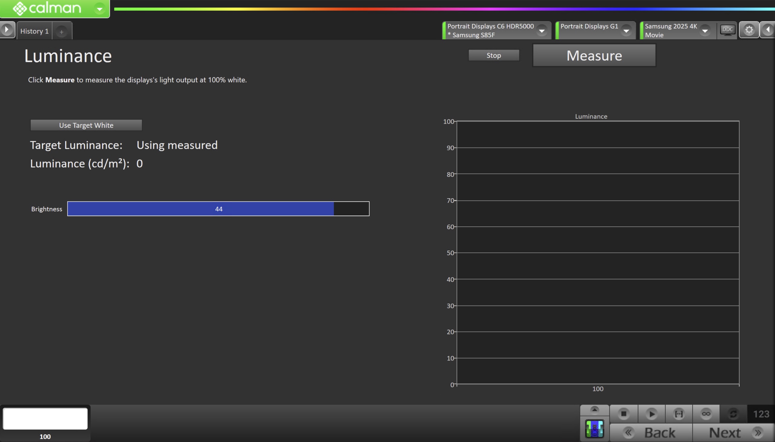 - To take Current State Measurements, click the Measure button to measure the display’s grayscale and color response.
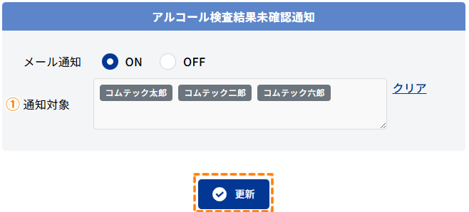上図の場合、「コムテック太郎」「コムテック二郎」「コムテック五郎」がアルコール検査を実施した際にメールが通知されます。
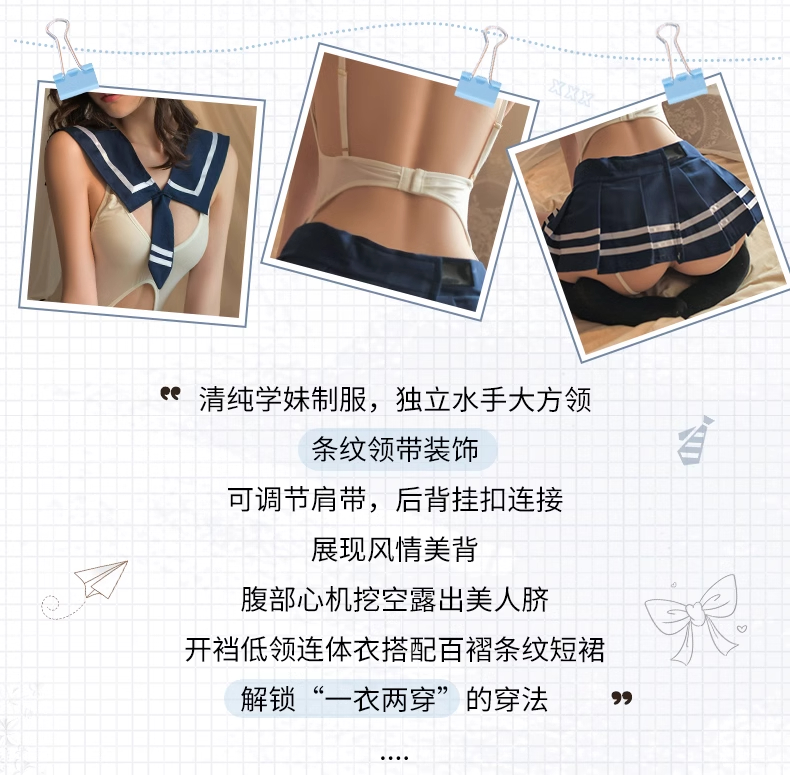 大码情趣内衣性感免脱校园JK水手制服诱惑床上挑逗纯欲小胸连体衣
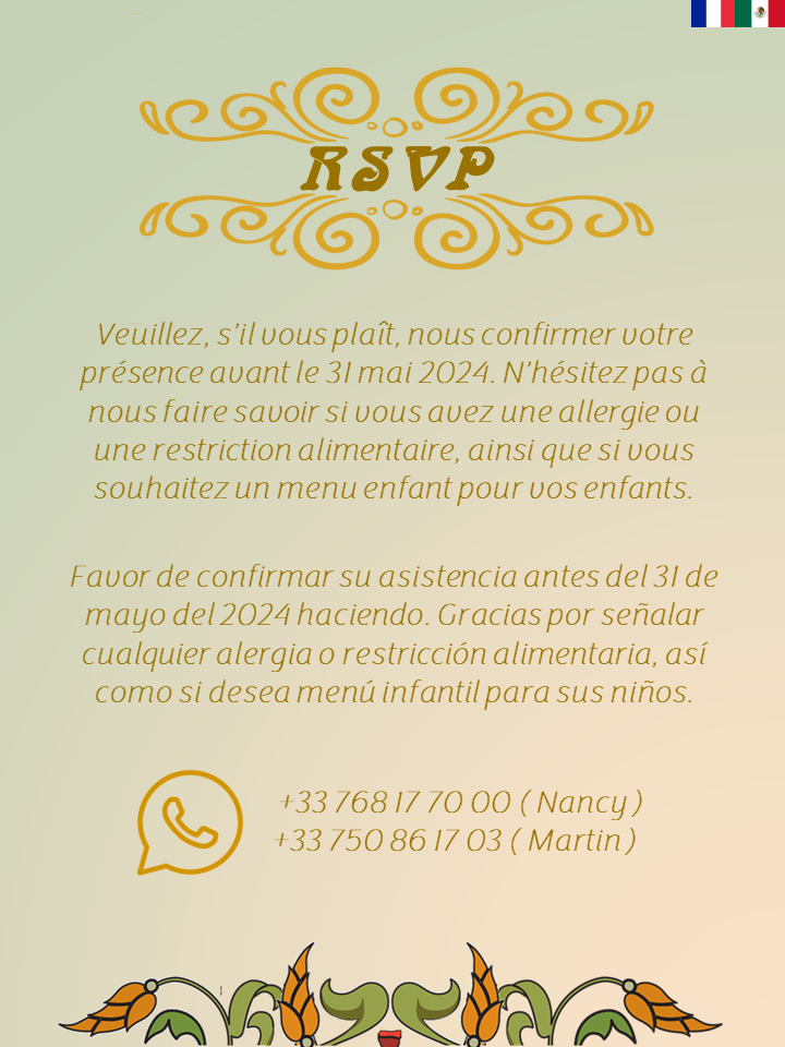 🔸Sus hijos son bienvenidos, sólo tiene que decirnos antes del 31 de mayo del 2024, si prefiere un menú infantil o un menú « normal ». 🔸También necesitaremos saber el número de niños para evaluar si vamos a contratar a una niñera o no.
☆ ☆ ☆ ☆ ☆ ☆ ☆
= Task description =
Please print the data above in its entirety, exactly, but without any picture.

= The answer =
 - To take Current State Measurements, click the Measure button to measure the display’s grayscale and color response.
上図の場合、「コムテック太郎」「コムテック二郎」「コムテック五郎」がアルコール検査を実施した際にメールが通知されます。
 大码情趣内衣性感免脱校园JK水手制服诱惑床上挑逗纯欲小胸连体衣
 🔸Sus hijos son bienvenidos, sólo tiene que decirnos antes del 31 de mayo del 2024, si prefiere un menú infantil o un menú « normal ». 🔸También necesitaremos saber el número de niños para evaluar si vamos a contratar a una niñera o no.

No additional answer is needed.